Author: Andrzej Kozłowski

Pulaski Policy Paper no 29, June 26, 2023

Since the outbreak of Russia’s large scale invasion against Ukraine Poland procured a significant number of military equipment, which should increase the firepower of the Polish Armed Forces. The Polish Armed Forces also have not forgotten about the development of cyberarmy, which was established in 2018 and should be fully operational by 2026. The question is whether Poland has the potential and will to be a significant power in cyberspace?

The beginning

The main drivers behind the creation of the cyberarmy were the increasing threats from cyberspace as more and more countries developed cyber arsenals and used them against other countries as well as NATO decisions made at the Warsaw summit in 2016. The growing role of IT technologies on the battlefield has also made the military become more and more susceptible to possible cyberattacks. NATO member states suffered from cyber operations for example in 2008 when the United States Armed Forces were hacked^[1]. Cyber was also used against Estonia in 2007, while in 2008 Russia demonstrated an attempt to integrate cyber into modern war during its attack on Georgia. The growing sophistication of operations aimed at critical infrastructure shows that the threats from cyberspace are only growing. The second important factor, which drove the setting of cyberspace up was the NATO summit in Warsaw in 2016. There the cyberspace was declared as the next operational domain and countries based on Article 3 of Washington Treaty^[2] are obligated to develop capabilities to operate in a digital environment.

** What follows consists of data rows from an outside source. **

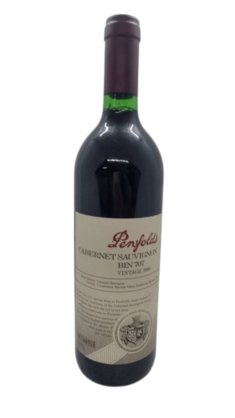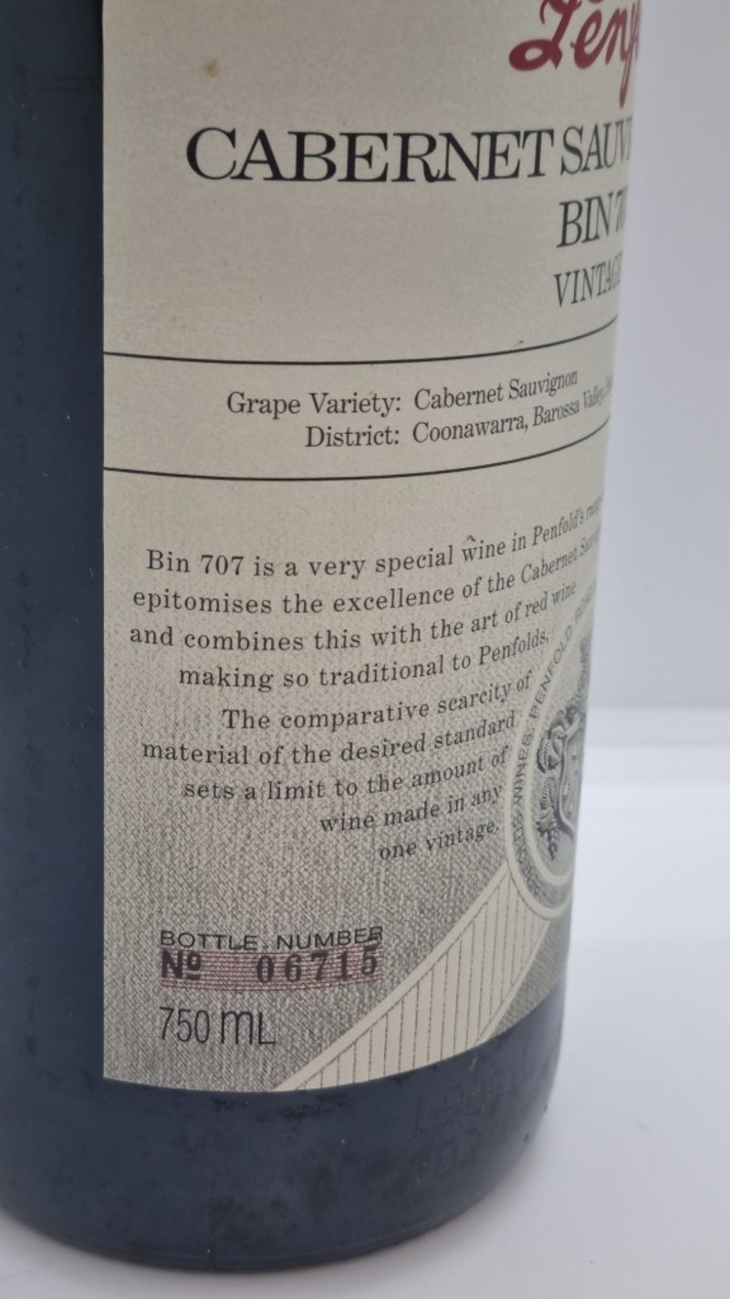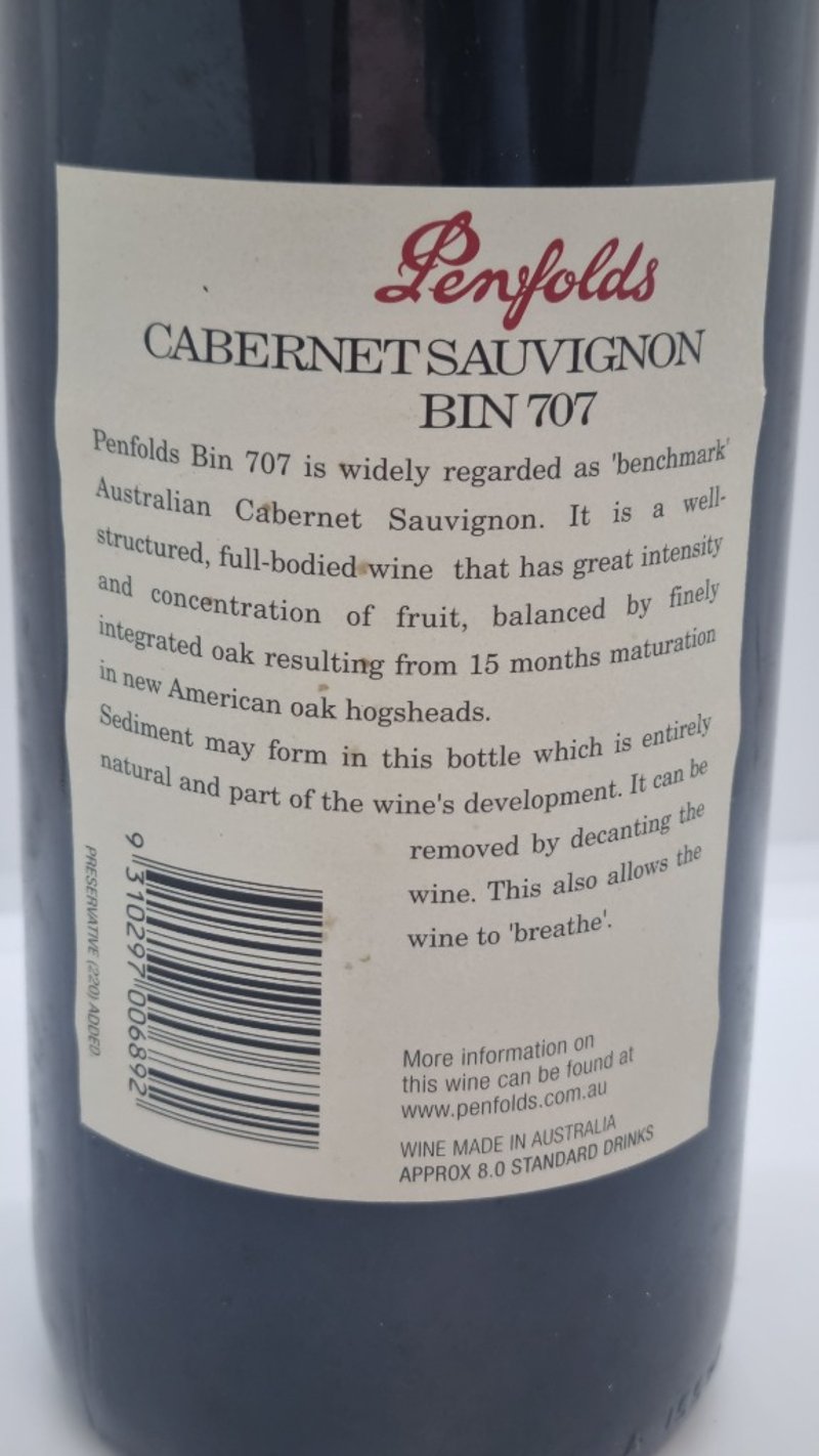 1996 Penfolds Cabernet Sauvignon Bin 707 Bottle no: 06715NOSE This brooding giant releases compelling barrel-ferment richness, enveloped by vibrant cassisfruit. Once allowed to breathe, complex berry andcassis Cabernet aromas emanate with abackground of cedary oak and violet nuances.PALATE Full bodied with dense layers of tight, saturatedCabernet fruit. A formidable concentration ofberried fruits, blackcurrant and anise combine tocreate a rich and expansive mid-palate. Stylishoak handling combined with a backbone of firm,yet finely grained tannins, support a lingeringfinish.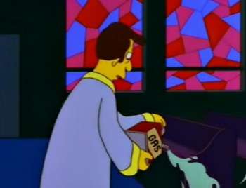 - Reverend Lovejoy from The Simpsons. Though he is the local reverend, he seems to be faking his religious beliefs. When the Movementarians gain popular momentum, Lovejoy is so quick to give up on trying to promote Christianity that when Marge shows up at his church, he is soaking it in gasoline. He also seems not to be that good at preaching moral decency to his own family, if his gossipy wife and manipulative daughter are anything to go by. (When the latter reminds him of past misdeeds of her own, he just plugs his ears and pretends not to hear anything.)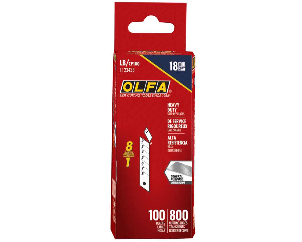 OLFA 18mm LB/CP100 Snap Blades, 100 blades in the box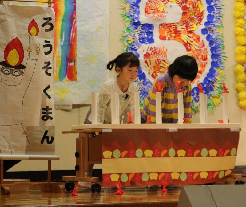 幼稚部は、学校の誕生会を、かわいらしくも感謝の気持ちを込めて表現しました。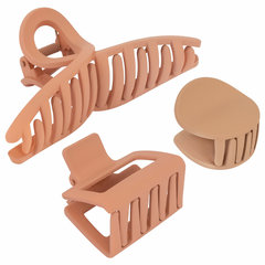 Тип товара: набор крабов для волос, Форма: ассорти, Тип покрытия: soft-touch, Цвет: светло-коричневый, Декор: нет, Набор: да, Количество в наборе: 3 шт., Размер: 4 / 5 / 11 см, Материал: полистирол, Серия: -, Упаковка: картонная карточка с европодвесом.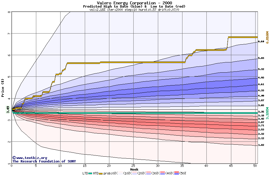 The high to date and low to date prices of the stock plotted against a random walk model for 2000 (what's this?).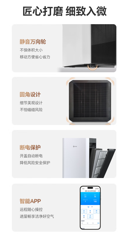 同时,它具备离线语音控制功能,只需说“你好小白”就能唤醒机器,实现语音开关机、定时设置、档位调节等操作,非常方便。内置的高精度传感器,能实时检测空气质量,当空气质量变差时自动加大净化力度,真正实现“懒人友好”。

The first concept of Polish cyberarmy was presented by Minister of Defence Antoni Macierewicz during the Cybersec conference in 2018. He announced the plan to create a unit consisting of 1000 soldiers. However, this plan was stopped and eventually buried when Macierewicz was dismissed and replaced by Mariusz Błaszczak. However, the process of creating a cyberarmy was soon restarted. On 2^nd May 2019 Minister Błaszczak nominated general Karol Molenda as plenipotentiary for the creation of cyberspace defence forces. His first step was a consolidation of the different military entities responsible for cybersecurity. The National Centre of Cryptology and the IT inspectorate were merged into the National Cyber Security Centre.

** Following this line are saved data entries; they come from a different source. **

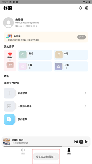 4、點(diǎn)擊后,界面會彈出已成功退出登陸的提示。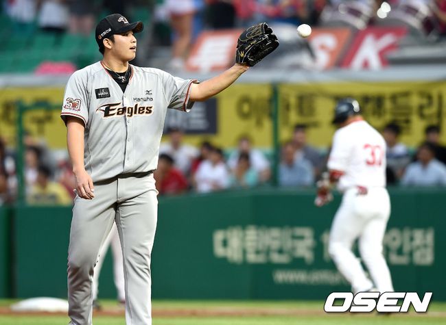 1회말 2사 2루 사오항 한화 선발 김민우가 정의윤을 볼넷으로 내보내고 있다.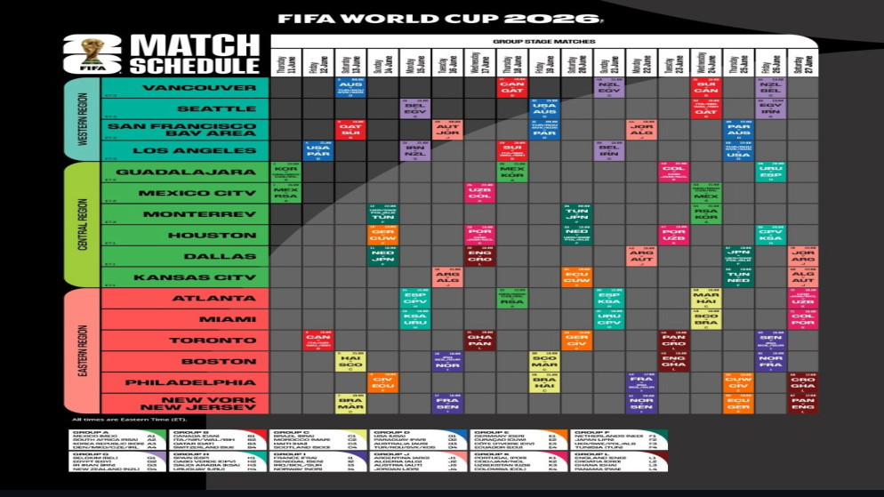 وسيستهل المنتخب الوطني مشواره في البطولة بمواجهة منتخب النمسا يوم 16 حزيران 2026 في سان فرانسيسكو، ثم يلتقي نظيره الجزائري في 22 حزيران على ذات الملعب.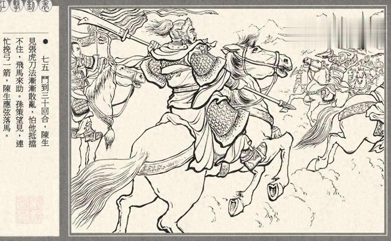 孙坚跨江击刘表,孙策第一次随父出征,表现亮眼。黄祖手下大将张虎与韩当交手二十多个回合后渐渐落了下风,陈生飞马上前,准备两打一。在后方掠阵的孙策抬手就是一箭,正中面门,陈生应声落马而亡。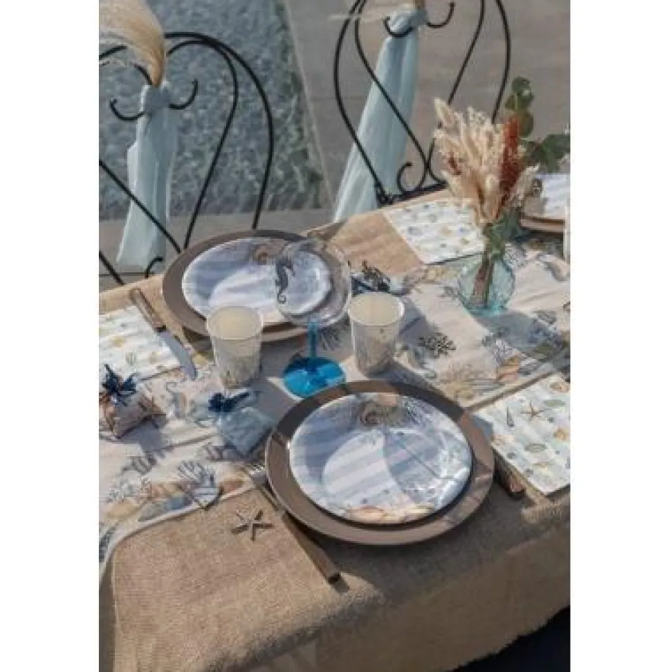 Sachet de 10 Gobelets Coquillages en carton, illustration coquillages marins, corail, fond des mers.

Cyber Command of Polish Cyberspace Defence Forces 

On 8th February 2022 there was a next milestone in the development of the Cyber forces of the Polish Armed Forces when the Cyber Command was set up and  Polish Cyberspace Defence Forces were also officially created. The Cyber Command is tasked with supervising the tactical units. The previously existing National Cyber Security Centre was renamed as National Cyber Security Centre – Command of Cyberspace Defence Forces. There are around 5 thousand military and civilian personnel working for this structure including hundreds of cybersoldiers, though the exact number remains secret. The recruitment process is still open.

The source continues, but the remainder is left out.